Die Eltern von Marijana sind hier offenbar genauso wie Stefanie K. eine Ausnahme. Sie haben Beratung in Anspruch genommen und Informationen eingeholt. Mutter Mariya S. hat trotz der Pflege ihrer Tochter sogar noch eine Ausbildung als Krankenschwester abgeschlossen, oft musste sie nachts lernen. Marijana kam als Frühgeburt in der 31. Schwangerschaftswoche auf die Welt. 1360 Gramm wog sie. Der Körper war noch schwach, da fing sie sich einen Krankenhauskeim ein.

"Wir haben erst gar nicht realisiert, was das für Folgen hat", sagen S. und ihr Ehemann Kabyn O. Ihre Tochter hat eine Cerebralparese, sie erlitt also durch den Keim einen Gehirnschaden. Die Zehnjährige hat Spastiken am ganzen Körper, der Kopf fällt immer wieder zur Seite und muss im Rollstuhl gestützt werden. Einen Stift zu halten ist ihr deshalb nicht möglich, die Motorik ist gestört. Manchmal ist Marijana schwer zu verstehen, wenn sie spricht.

Wenn das Leben am behinderten Kind ausgerichtet ist

Sie ist trotzdem ein fröhliches Mädchen, ständig lacht sie, dann rutscht die bunte Brille auf der Nase ein bisschen nach oben. Marijana zeigt stolz, wie sie die Zahlen von eins bis zehn auf Englisch aufsagen kann, wenn sie in einem Lernbuch blättern will, hilft ihr auch gerne ihre Schwester Juliana. Die Eltern schaffen, was laut Sozialpädagogen wie Brenoth-Kurth in manchen Familien zu kurz kommt: Mariya S. und Kabyn O. richten ihr Leben nach ihrer behinderten Tochter aus, aber sie kümmern sich auch um Juliana, die gerne turnt und tanzt - auch das gesunde Kind kommt zu seinem Recht.
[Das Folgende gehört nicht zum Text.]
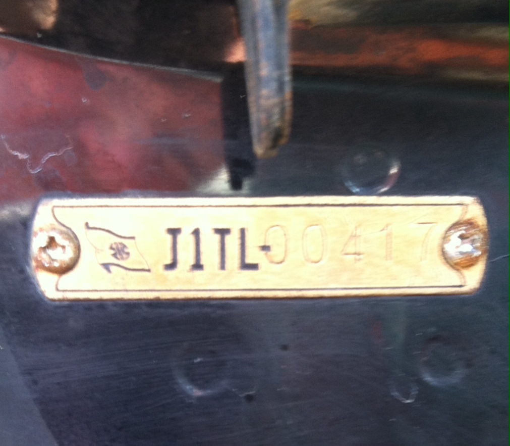 Hello Ed, Yes this is it! Now for the Bit I did not say. There is no Registration stub. The Old timer is deceased who was original ownwer. His grandson sold it to me. I was buying it either way. But the frame tag is: J1TL 00417 Then this is on left side crankcase LFE 01062.
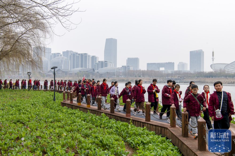2月14日,在浙江省金華市婺城區婺州公園裏,東(dong) 市街小學師生集體(ti) 在三江六岸綠道上快樂(le) 毅行。新華社發(胡肖飛攝)
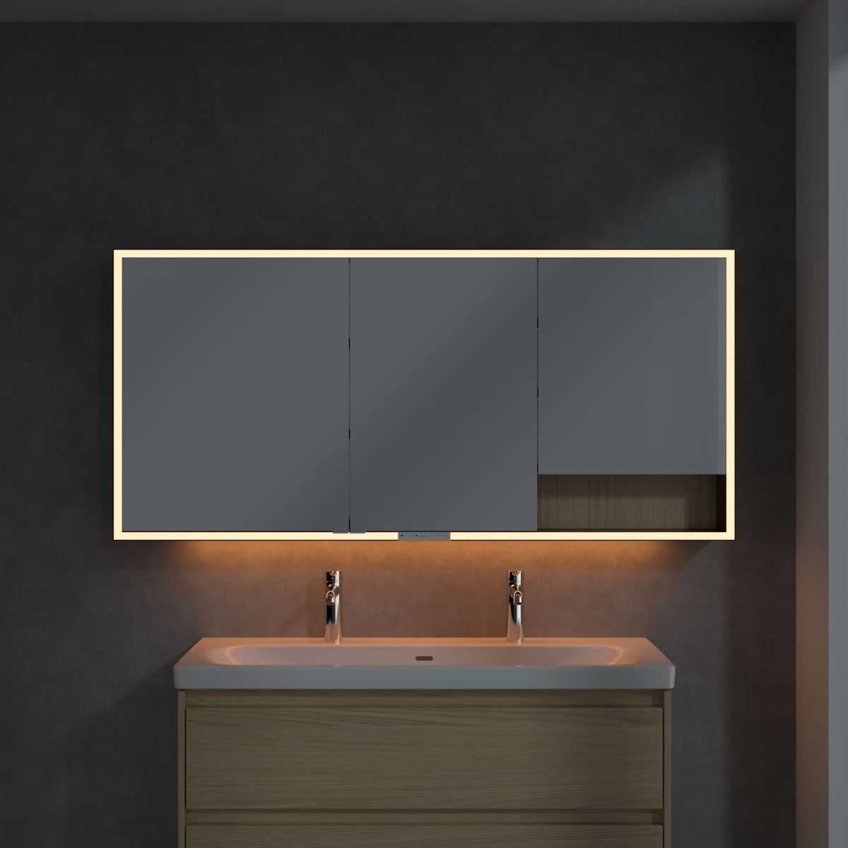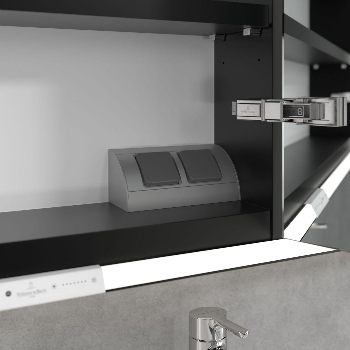 A tükröt körülvevő LED-szalag egyenletes megvilágítást biztosít, míg a beépített mosdóvilágítás és a megvilágított nyitott rekeszek hangulatos légkört teremtenek. A fényerő és a színhőmérséklet kényelmesen beállítható egy érzékelő vagy Smart Home vezérlő segítségével. A finom fogantyúk lehetővé teszik az ajtók kényelmes kinyitását ujjlenyomatok hagyása nélkül, a középen található dupla aljzat pedig további funkcionalitást biztosít.
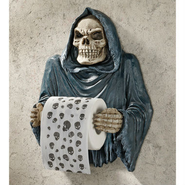トイレで魔王の気分 死神がトイレットペーパーを捧げ持つホルダー
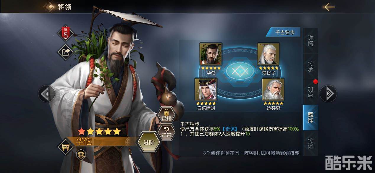 华佗、鬼谷子、达芬奇这三个将领在同一阵容时,可以激活羁绊【千古独步】,使己方全体获得5%概率的【奇谋】,触发时使谋略伤害提高100%,并使己方群体2人速度提升15。大家不要小看这5%的概率,【奇谋】一旦触发,技能伤害会成倍加成。
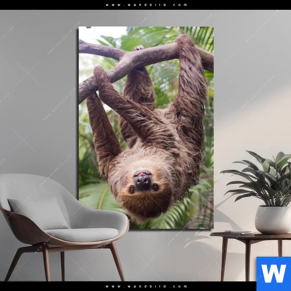 Alu-Dibond Bild | Faultier streckt Zunge raus | Hochformat
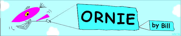 About Ornie: While doodling one day many years ago, a rather nerdy-looking bird appeared on the page. Unlike most doodles, this one caught my imagination, and I hung it on the wall behind my desk. Soon I named him Ornie as a representative ornithological specimen, and began to wonder what "take" such a nerdy bird might have on life. This led to occasions when Ornie seemed to speak to me, which led to the periodic recording (in cartoon form) of life, nature, and philosophy from a bird's point of view. Within a few years a substantial number of these Ornie episodes had accumulated in my home office file, but...what should be done with them? They did not fit any standard publishing mode or format, yet I thought that bird and nature lovers, at least, might enjoy them. So they are presented here for your entertainment, or at least your scrutiny. If you peruse these cartoons, please take a moment to tell me whether you liked any of them and why, and perhaps this will inspire more (or fewer). And, if you would like to re-publish any of them, or if you want to advertise bird- or nature-related products on this site, let me know. Please also enjoy my other "whimsies and oddities" at WDCohen.com. --Bill Cohen | bill@ornie.com | |||||||
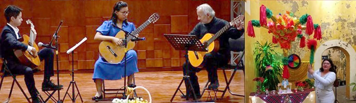 También en este recinto, se contó con la participación de niños y jóvenes que integran el Coro Cantiriletras y el Dueto Infantil de Guitarras, bajo la dirección del profesor Jesús F. Peña Rodríguez, quienes interpretaron melodías clásicas que forman parte de las festividades decembrinas.
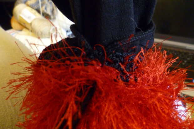 La parte exterior de la guarnición para el bolso del perno y coser en su lugar.
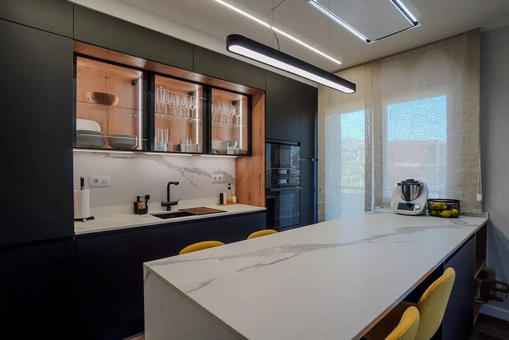 Pero hay que tener en cuenta algunas cosas. Es importante asegurarse de que la habitación sea lo suficientemente grande como para albergar esta distribución y que dé sensación de amplitud. En segundo lugar, hay que planificar bien la distribución de todos los elementos para maximizar el espacio y la funcionalidad, por ejemplo, el uso de taburetes o la altura de la encimera con la que se puede jugar o combinar, mezclando una encimera de altura estándar con otra tipo barra de bar con taburetes altos para que haga el efecto de un desayunador.

Diesen Spagat zu schaffen ist nicht einfach, Marijanas Pflege kostet viel Kraft: So müssen die Eltern zum Beispiel fünf bis sechs Mal pro Nacht aufstehen, um ihre Tochter umzudrehen und so ihre Schlafposition zu verändern.

Mariya S. arbeitet im Krankenhaus im Drei-Schicht-Betrieb. Kabyn O. ist gelernter Arzt, aber als er vor Jahren nach Deutschland kam, hat er in Bayern keine Zulassung bekommen. Also hat er sich als Kabelverleger selbstständig gemacht, so dass er seine Zeit einteilen und auf die Kinder aufpassen kann, wenn seine Frau arbeitet. Dann muss er aber Aufträge absagen, es bleibt weniger Geld übrig.

Was die Familie dringend braucht

Bald zieht die Familie um, das Bad in der neuen Wohnung soll behindertengerecht ausgebaut werden. 10 000 Euro kostet das, die Familie bekommt einen Zuschuss, den Rest kann sie allerdings alleine nicht bezahlen. Das Bad muss so breit sein, dass ein Rollstuhl hinein passt, es braucht eine Duschtoilette. Schön wäre auch ein höhenverstellbares Waschbecken, dann kann sich Marijana selbst waschen. "Das wäre wichtig, um ihre Selbstständigkeit zu fördern", sagt S.

Stefanie K. würde ihre kleine Wohnung auch gerne behindertengerechter ausstatten, unter anderem bräuchte Jonas ein Bett und im Treppenhaus wäre eine Rampe eine große Hilfe. Geht K. einkaufen, muss sie immer erst Jonas hinauftragen und danach die Einkäufe holen. K. hat aber auch noch einen anderen Wunsch: Sie würde gerne einen Baum für Jonas pflanzen. "Eine Eiche, tief verwurzelt", sagt sie. "Bäume haben etwas Beruhigendes. Und Überdauerndes."